Friday in the Eleventh Week of Ordinary Time, June 23, 2023
Matthew 6, 19-23
Jesus said to his disciples: “Do not store up for yourselves treasures on earth, where moth and decay destroy, and thieves break in and steal. But store up treasures in heaven, where neither moth nor decay destroys, nor thieves break in and steal. For where your treasure is, there also will your heart be. The lamp of the body is the eye. If your eye is sound, your whole body will be filled with light; but if your eye is bad, your whole body will be in darkness. And if the light in you is darkness, how great will the darkness be.”
“For where your treasure is, there also will your heart be.” The Lord Jesus offers us an acute piece of wisdom which enables us, with some ease, to identify our true priorities and to understand the target to which the trajectory of the choices we make will take us.
In Psalm 119, 97, we read: “O how have I loved your law, O Lord!
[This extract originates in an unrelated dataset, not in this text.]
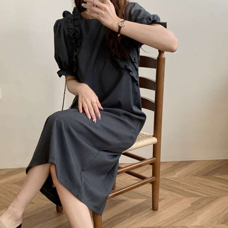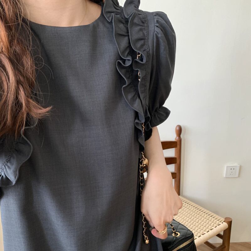 Frill shoulder midi one-piece フリルショルダーミディワンピース

It is my meditation all the day.” The tense of the verb in the first sentence of the verse is in the perfect, indicating that an action begun in the past has continued into the present where it is completed. The loving of the law does not mean a single action completed in the past but is continuous to the present time. In order to accomplish this action a person must be vigilant and concentrated. No other action may interfere with it or surpass it. “It is my meditation all the day” tells us the result of this love of the law of God. Notice that “all the day” does not rule out other activities, but that these would be subordinated to or derive from the meditation. This preoccupation with the law of God — that is, his nature, his work as Creator, his Divine Providence, the Redemption of the human race, and so on, shows where this person’s heart is because this is his treasure.
In contrast, Ecclesiastes 5, 11 says: “Whoever loves money never has enough; whoever loves wealth is never satisfied with their income.” The one who loves money or devotes himself to fornication, drunkenness, or power never has enough. The more he has, the more he wants. These are his treasures. As Ecclesiastes 4, 8 reflects: There is a man, who has no spouse, no child, no brother, and yet he ceases not to labor, neither are his eyes satisfied with riches, neither does he reflect, saying: For whom do I labor, and defraud my soul of good things?” Giving in to the drive for more and more makes it almost impossible for a person to realize that the treasures which he seeks are ultimately worthless: “You fool, this night do they require your soul of you. And whose shall those things be which you have obtained?” (Luke 12, 20). His heart lies in his treasure, which “moth and decay destroy, and thieves break in and steal.”
At what do we spend our time and our attention? Is it on video games or social media? On our career or our personal ambitions or those we have for members of our family? These are our treasures, for these are where our hearts are. But these are not treasures in heaven. Ultimately they will fail and we will have nothing to show for having hard them.
But to place our hearts on Jesus Christ and knowing and serving him results in everlasting riches. We will have no need to ask ourselves, “For whom do I labor, and defraud my soul of good things?” For we labor for God and receive good things now and in eternity.